Enterprise Distributed Application Service (EDAS) fully integrates with Container Service for Kubernetes (ACK) on the basis of cloud-native Kubernetes. EDAS supports the full-lifecycle management of Kubernetes containerized applications. An ACK cluster is embedded with the capabilities of Alibaba Cloud in virtual machines, storage, networking, and security, and provides an excellent runtime environment for Kubernetes containerized applications. This topic describes how to use an image to deploy a Java microservices application in a Kubernetes cluster.

Background information

To deploy applications in an ACK cluster, you must create a cluster in the ACK console and import the cluster to the EDAS console.

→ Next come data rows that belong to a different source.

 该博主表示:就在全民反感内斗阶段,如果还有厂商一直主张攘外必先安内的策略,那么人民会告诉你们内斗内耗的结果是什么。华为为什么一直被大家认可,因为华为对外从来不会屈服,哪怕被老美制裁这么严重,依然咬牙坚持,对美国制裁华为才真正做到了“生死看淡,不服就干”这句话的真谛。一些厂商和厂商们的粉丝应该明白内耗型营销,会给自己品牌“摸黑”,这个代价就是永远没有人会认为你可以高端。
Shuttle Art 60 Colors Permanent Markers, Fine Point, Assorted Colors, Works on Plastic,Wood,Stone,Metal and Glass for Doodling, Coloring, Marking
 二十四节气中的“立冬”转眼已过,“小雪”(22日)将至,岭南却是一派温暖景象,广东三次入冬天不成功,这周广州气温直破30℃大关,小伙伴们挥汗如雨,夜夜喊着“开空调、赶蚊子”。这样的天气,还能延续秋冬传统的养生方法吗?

Then, you can use deployment packages or images to deploy applications in the imported cluster.

Procedure for deploying an application in an ACK cluster

Prerequisites

Step 1: Create an ACK cluster

Log on to the ACK console and create an ACK cluster. For more information, see Create a managed Kubernetes cluster.

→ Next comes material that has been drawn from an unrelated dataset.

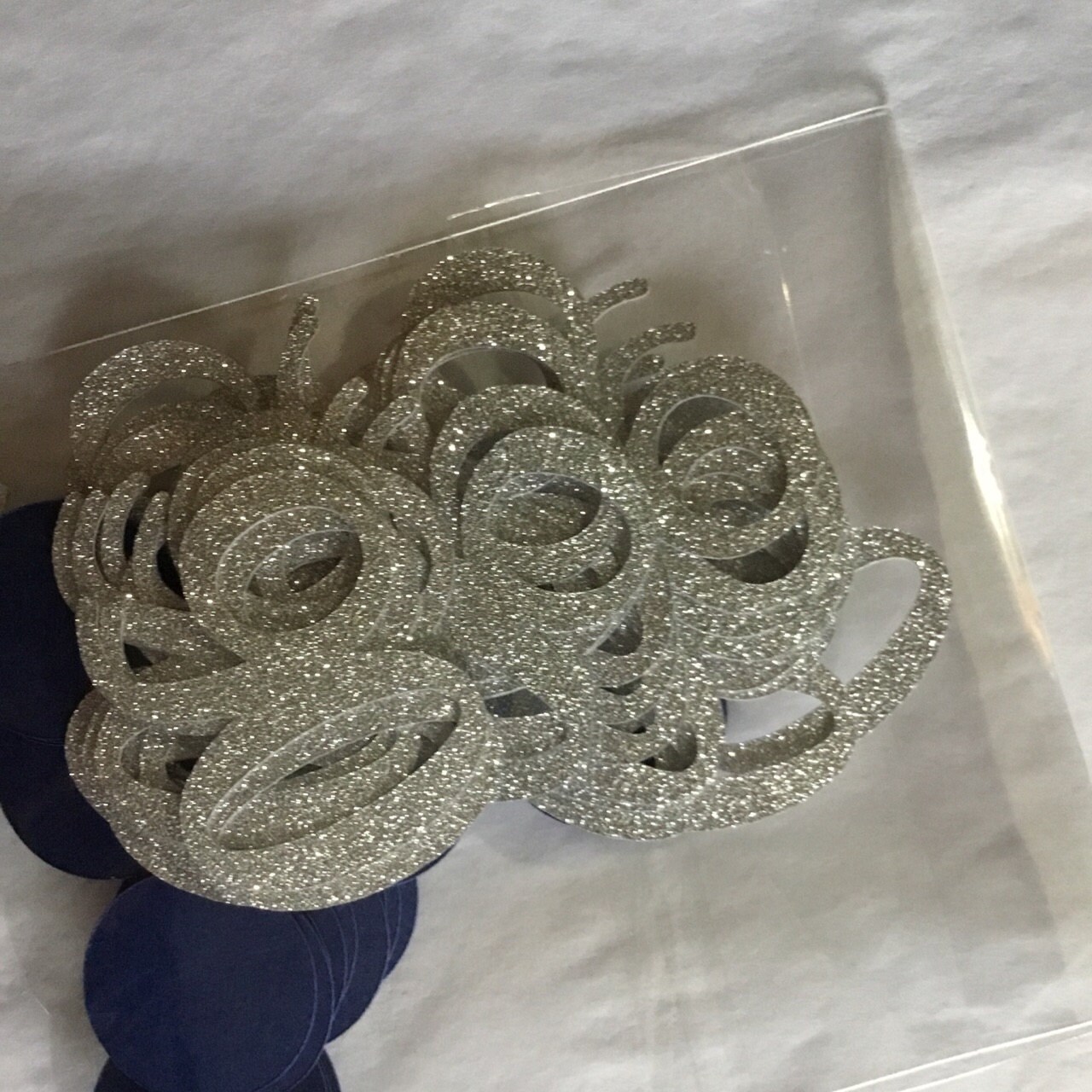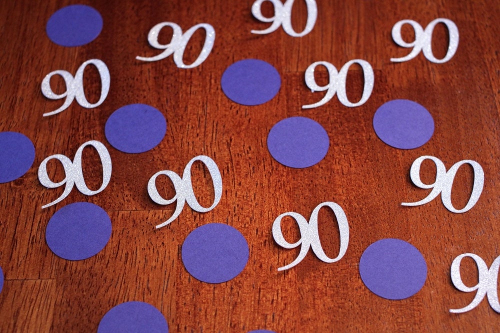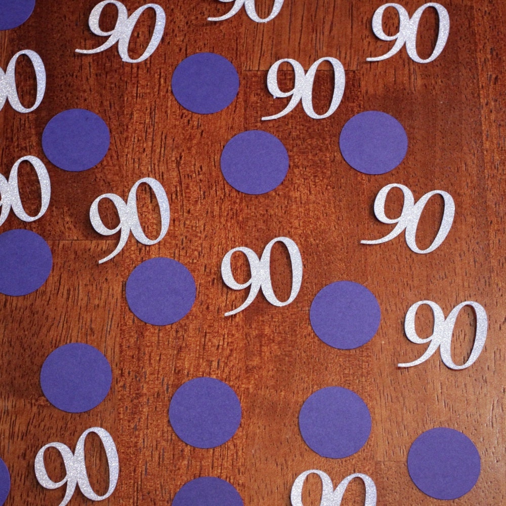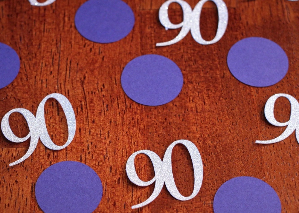 This listing is for 100 pieces of confetti. It includes 30 pieces of age confetti in premium silver glitter paper that is white on the reverse side. The size will change based on the age but is typically 1 to 1.5 inches wide. Also included are 70 pieces of navy blue circle confetti.

To create a serverless Kubernetes cluster, set the VPC parameter to Create VPC and set the Service Discovery parameter to PrivateZone. This allows the serverless Kubernetes cluster to use Alibaba Cloud Service Mesh after the cluster is imported to EDAS. If you set the VPC parameter to Select Existing VPC, check whether the cluster contains virtual private cloud (VPC) and vSwitch resources after you create the cluster.

Create a serverless Kubernetes cluster

Step 2: Import the ACK cluster to the EDAS console

By default, the ack-ahas-sentinel-pilot, ack-arms-pilot, and ack-arms-prometheus components are installed when you import an ACK cluster to EDAS in the EDAS console. The ack-ahas-sentinel-pilot component is an application protection component for throttling and degradation. The ack-arms-pilot component is an Application Real-Time Monitoring Service (ARMS) monitoring component. The ack-arms-prometheus component is a Prometheus monitoring component.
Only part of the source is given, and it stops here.